Yes, we’re there, at this time of year where hundreds of thousands of established or aspiring authors are immersed in their next projects for a whole month of intense writing.

I’m participating for the first time, and after debating with myself about the different options I had—one of which being to finish drafting Phoenix’s sequel—I decided to go with the lyrical “Caribbean misadventure” where two high school friends have to deal with the turmoil of first love and self-identity and devastation as they find themselves emotionally and physically trapped in the midst of family crises and a hurricane.

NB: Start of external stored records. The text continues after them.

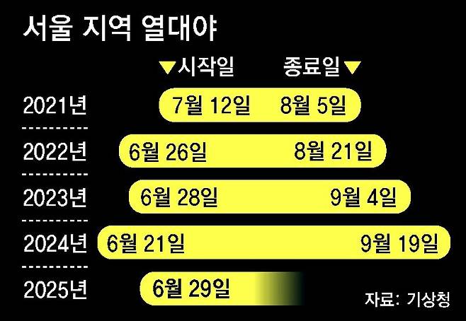 열대야 기간은 갈수록 길어지고 있다. 서울의 경우 2019년 17일, 2020년 13일 수준이었던 열대야가 2023년 25일로 늘었다. 지난해에는 역대 최장인 48일을 기록했다. 열대야는 시작이 6월로 빨라지고 종료는 9월 중순으로 늦춰졌다. 2022년까지는 8월에 마지막 열대야가 발생했지만 2023년 9월 4일, 지난해에는 9월 19일까지 열대야였다.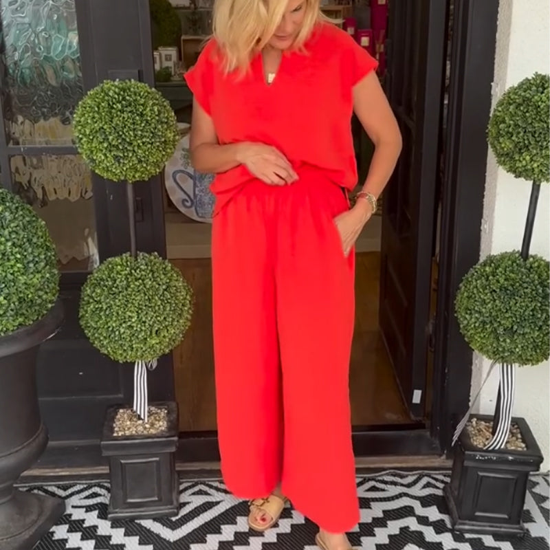 Verpakking bevat: 1* Effen casual tweedelig setje voor dames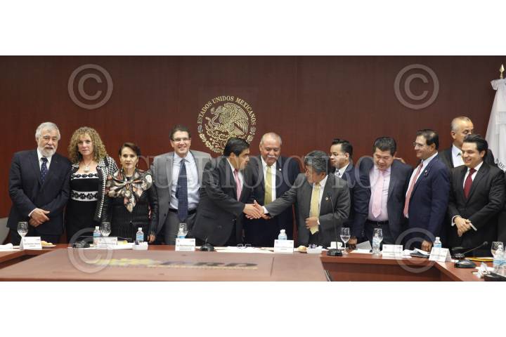 MÉXICO, D.F., 27OCTUBRE2015.- Los coordinadores del PRD, Miguel Ángel Barbosa, Senado y Francisco Martínez Neri, Cámara de Diputados, encabezaron una reunión con los senadores perredistas para analizar el paquete económico 2016. FOTO: CUARTOSCURO.COM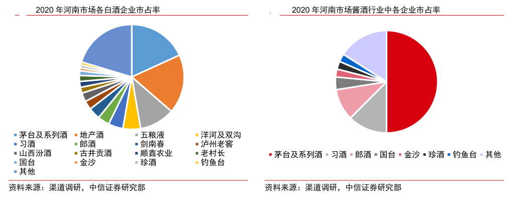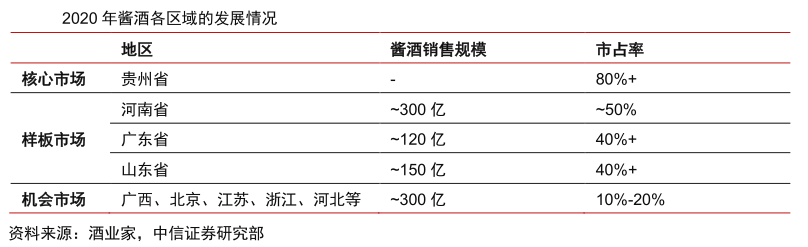 河南酱酒市场:2020年酱酒市场规模达到240亿元,酱酒“第二故乡”。河南市场属于人口和白酒消费大省,由于地产酒表现较为弱势,常年处于各大名酒企业群雄割据的局面,历来是各大酒企宣传推广和市场攻坚的核心市场,也是酱酒企业逐鹿的桥头堡。根据河南省酒业协会会长熊玉亮统计,河南市场贡献了习酒全国1/4的销售、金沙全国1/4的销售、国台全国1/8的销售、茅台集团全国1/12的销售。2020年,酱酒在河南实现240亿元的销售(含省外调货),茅台及系列酒销售规模达到约100亿元、习酒约25亿元、郎酒约20亿元、国台、金沙等约10亿元左右。

While I started off rather well, above the targeted average words per day for the few first days, I had to go back to two early chapters as the story took a different turn. As it had happened to me before in another piece of writing, my characters took over and laughed out loud at my outline. So although you’re not supposed to edit and just keep going, I lost some time reworking the new outline, but I think it will be for the best in the long run. It is more logical, anyway—Thanks, Marion and Dannick! (Lead characters’ working names) Halfway through, I still haven’t yet reached 20,000 words, but I know I sometimes work like a diesel engine—I know absolutely nothing about mechanics, I’ve just heard that diesel engines are sometimes longer to warm, but when they get going, they’re on a roll.

24 Hours of the Phoenix

In related news, 24 Hours of the Phoenix has been released and I must say it was rather disheartening. Marketing is hard—I knew that of course—and I suck big time at it. I’m not an overly confident person and I don’t like to talk about myself or how I feel other than through my characters’ actions and reflections, in hiding, and genuinely don’t think it would be interesting otherwise.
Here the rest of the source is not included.